Folk singer John McCutcheon strums into town

Multi-instrumentalist to pluck, blow, fiddle Jan. 8|

Once called the “finest folk troubadour of our time,” John McCutcheon is returning to the Sebastiani Theatre at 7:30 p.m. on Monday, Jan. 8. Throughout his 30-plus-year career, McCutcheon has built a bridge across generations with his all-ages shows. He has appeared with Pete Seeger, Arlo Guthrie and Johnny Cash, who once called McCutcheon “the most impressive instrumentalist I’ve ever heard.”

During performances, McCutcheon switches from banjo, to guitar, jaw harp, fiddle, auto harp and piano. He is also recognized as a master of the hammer dulcimer, America’s only traditional mallet instrument.

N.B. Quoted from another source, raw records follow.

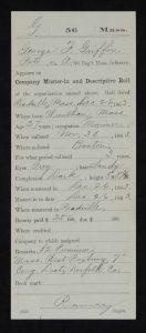 George and another of his brothers, Thaddeus, took their opportunity to join the Union war effort in December, 1863. The duo ended up enlisting in Company A, 56th Massachusetts Infantry. They both received a $25 bounty for their enlistments. George was twenty-five, and his muster record notes he had gray eyes, sandy hair, a dark complexion, and stood 5’8”.[5]
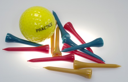 Old golf balls for practice on artificial grass
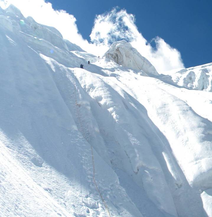 Under the snow was crevasse-wracked glacier, so we had to be roped up, but being tied together meant that with each step there was four-times the likelihood that someone would sink to the ankle, knee, or hip. When that happened, we all stopped.
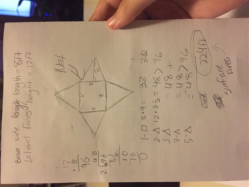 I turned the square pyramid into its net, found the area of each lateral face and the base, added them all up and I got 224 squared feet as the surface area.
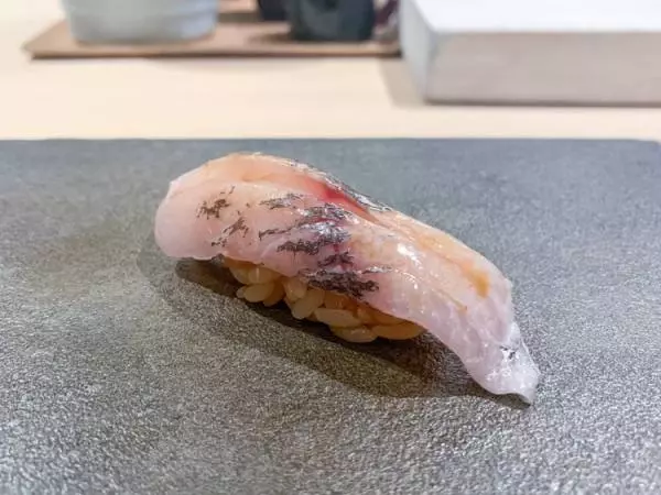 『えぼ鯛昆布〆』。ぶりっとした食感と昆布の香りと旨み、至高です
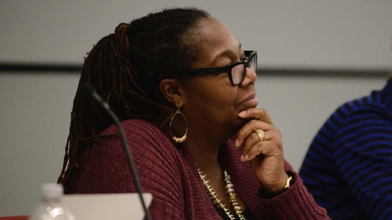 Former School Reform Commissioner Sylvia Simms listens to testimony during her time on the SRC. (Bastiaan Slabbers/for WHYY)
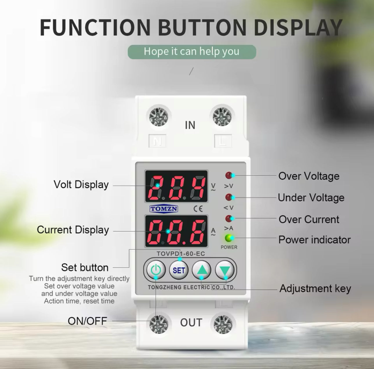 6.Over-current adjustment range:1-40A (default:20A)1-63A (default:40A)
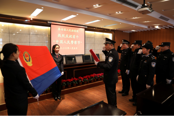 1月6日起,秦安县院开展了多种形式的活动庆祝首个人民警察节,营造了浓厚的节日氛围。6日下午,该院组织干警重温入党誓词和入警誓词。干警们警容严整、精神饱满、目光坚定、士气高昂,面向党旗、警旗,举起右手、庄严宣誓。宣誓结束后,组织召开座谈会,与会干警都进行了热情的发言。座谈会后,全体干警观看了专题教育片《光荣的时刻》。干警们纷纷表示,今后将更好地担负起党和人民赋予的新时代职责使命,坚决捍卫政治安全,全力维护社会安定,切实保障人民安宁。给党和人民交上一份满意的答卷,向首个人民警察节致敬和庆祝,以优异成绩回馈党中央的关心关爱!
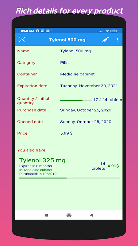 Với ứng dụng này, bạn có thể nhanh chóng và dễ dàng lưu trữ và truy xuất thông tin về sản phẩm của mình: số lượng , số lượng ban đầu , ngày hết hạn , mua và mở ngày , thùng chứa (nơi sản phẩm được lưu trữ), giá và ghi chú.
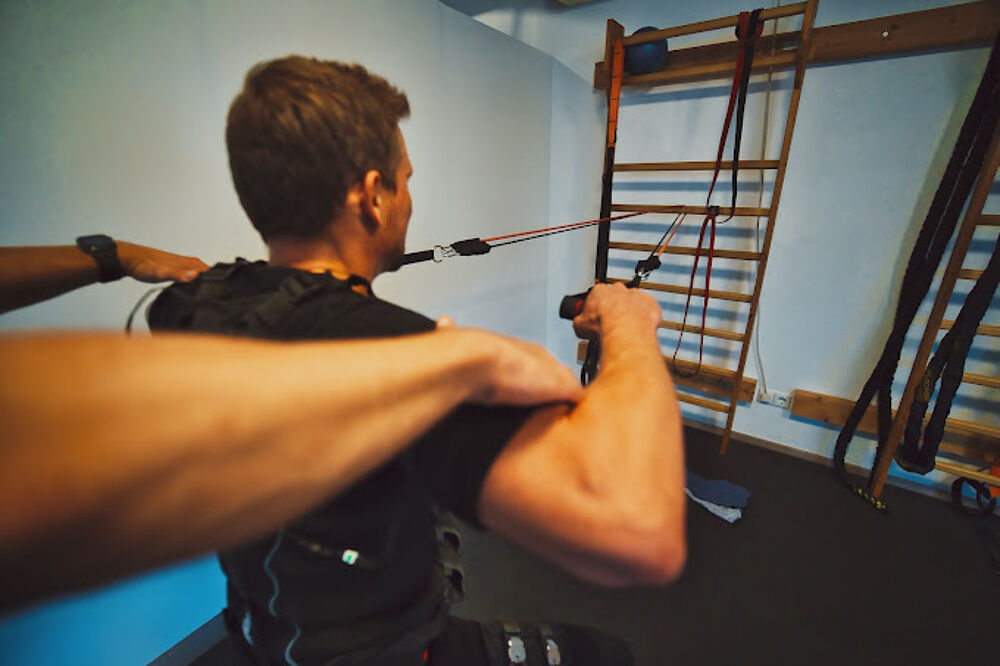 Bei uns im Fitnessstudio erhältst Du durch unser hocheffektives EMS-Training in nur 20 Minuten pro Woche ein intensives und effektives Ganzkörperworkout mit einem geschulten Trainer unter hygienischen Bedingungen. Wir kombinieren das EMS-Training mit funktionellem Krafttraining, HIIT oder auch therapeutischen Übungen. Eine Trainingseinheit findet immer mit einem Personaltrainer und ausschließlich nach Terminvergabe statt – so sorgen wir dafür, dass Du kein Training verpasst und Deine Ziele bestmöglich erreichst.
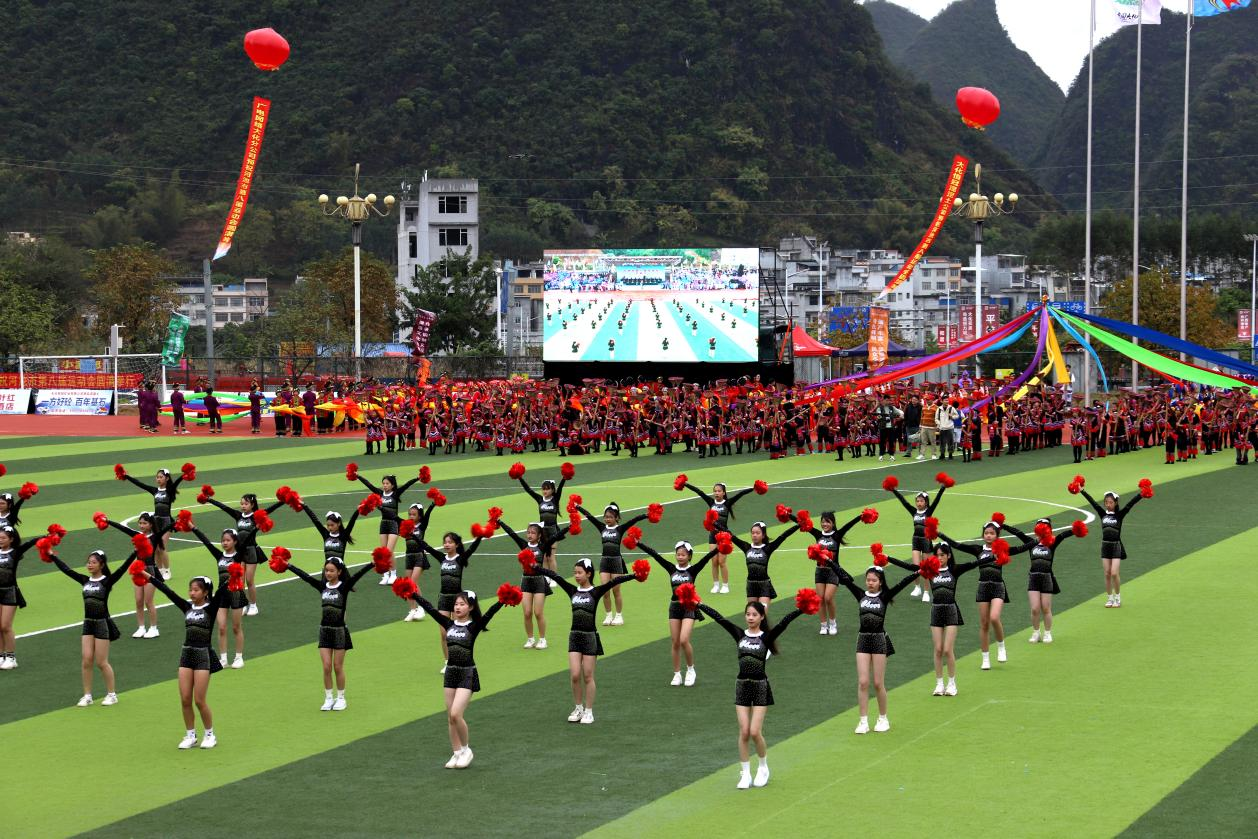 12月24日,以“全民健身 • 健康你我”为主题的河池市第八届运动会在大化瑶族自治县公共体育场开幕,来自全市11个县(区)以及市直机关共12个代表团的2000余名运动员将展开为期6天的角逐。本届运动会共设有篮球、足球、气排球、乒乓球、羽毛球、投绣球、田径等7类比赛项目。(黄晗 摄影报道)
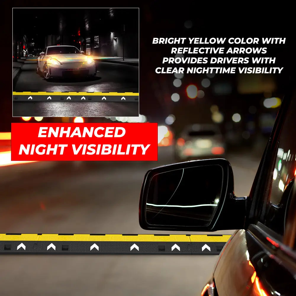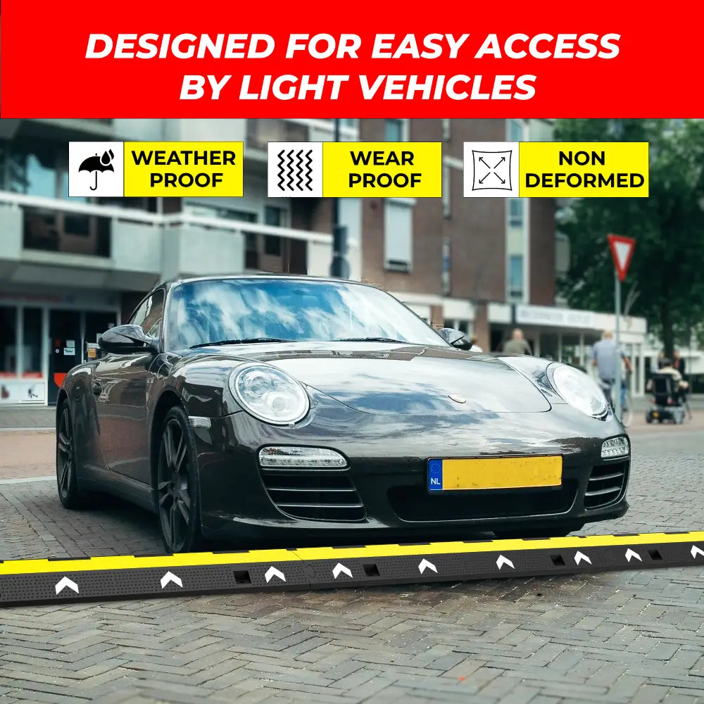 Single Channel Cable Protector is a reliable and durable solution for safeguarding cables and wires in high-traffic areas. Crafted from heavy-duty PVC compound with an anti-slip surface, it ensures safety while preventing tripping hazards. Its modular interlocking design allows for easy expansion, and the bright yellow lid with reflectors enhances visibility. Perfect for events, offices, warehouses, and parking areas.
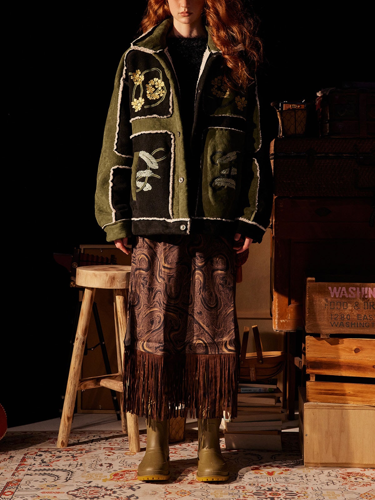 A Jaqueta Floral Suede Fleece une a elegância atemporal do suede com o conforto aconchegante do fleece, em uma estampa floral vintage que remete a um estilo retrô e sofisticado. A peça tem um design clássico e corte oversized, entregando um caimento imponente e super estiloso, ideal para criar camadas em looks urbanos. O acabamento interno em fleece garante isolamento térmico e um toque macio, perfeito para as temperaturas mais frias.
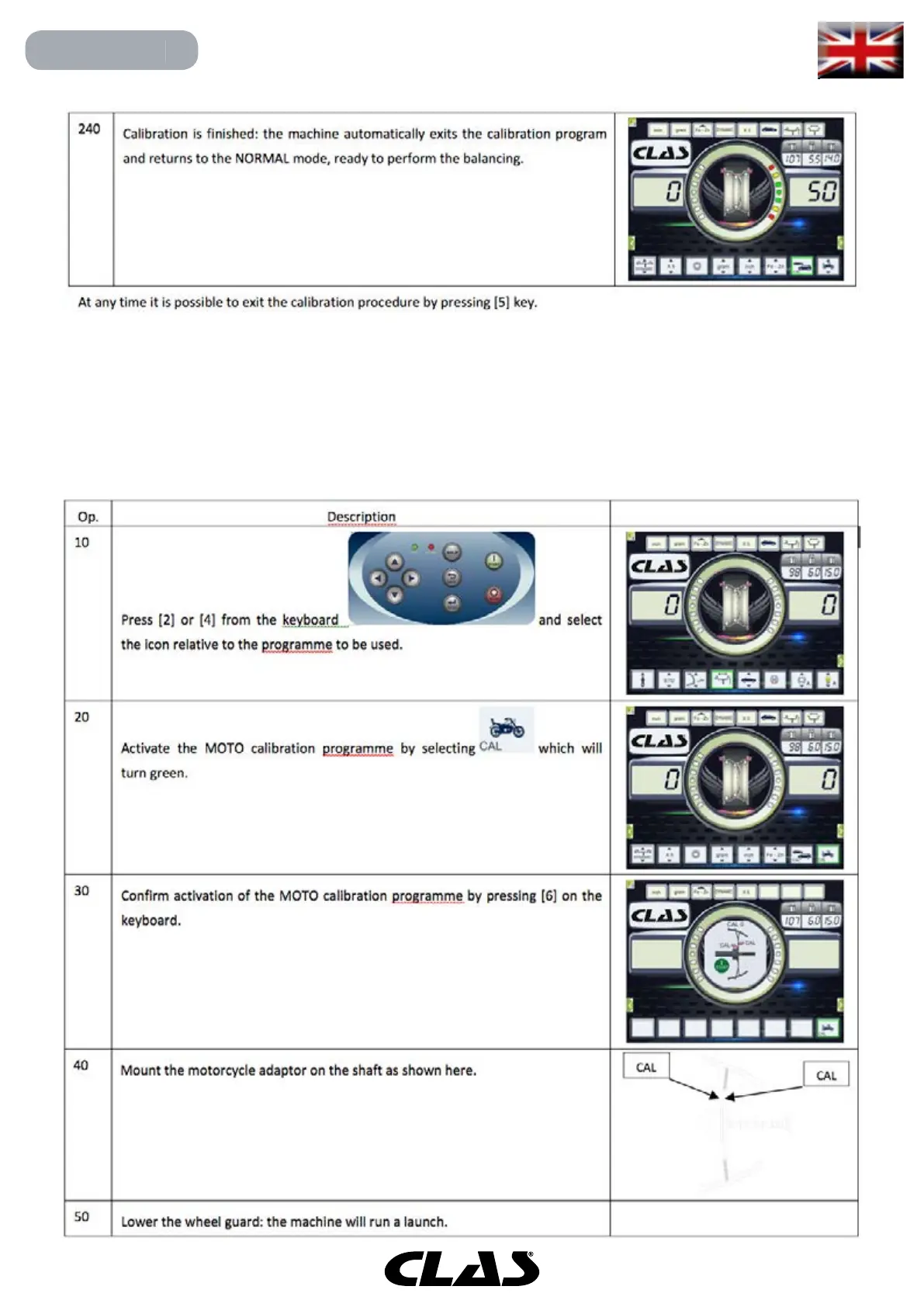 To perform the machine calibration with adaptor for motorcycle wheels, proceed as follows:
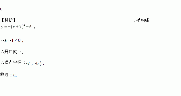 C 【解析】∵抛物线, ∴a=-1<0, ∴开口向下, ∴顶点坐标(-7,-6). 故选:C.

Placing the many instruments he introduces within their ethnic framework, he says, teaches the audience to make music themselves, as he weaves tales as modern fables, rich in history and universal scope.

The lifelong interest in music of this Wisconsin-born, Blue Ridge Mountain-based folk music lover was sparked in part, he says, by the civil rights movement. McCutcheon says he heard the songs of the Dust Bowl refugees – “The Grapes of Wrath” stories that cracked on the airwaves of the early 1960s radio – and “knew something else was going on.”

While still a college student, the oldest of a large Irish Catholic family, McCutcheon took up the banjo and, under the tutelage of some of the greats of traditional Southern music, mastered seven different instruments, became an insightful and powerful singer of traditional songs, and honed an ear for a good story. He says songwriting, storytelling and social activism all met and finally made sense.

McCutcheon has recorded with Paul Simon and Mary Chapin Carpenter and made numerous appearances on National Public Radio. He has produced over 25 albums in as many years, has been featured on public radio throughout the world, and has garnered five Grammy nominations.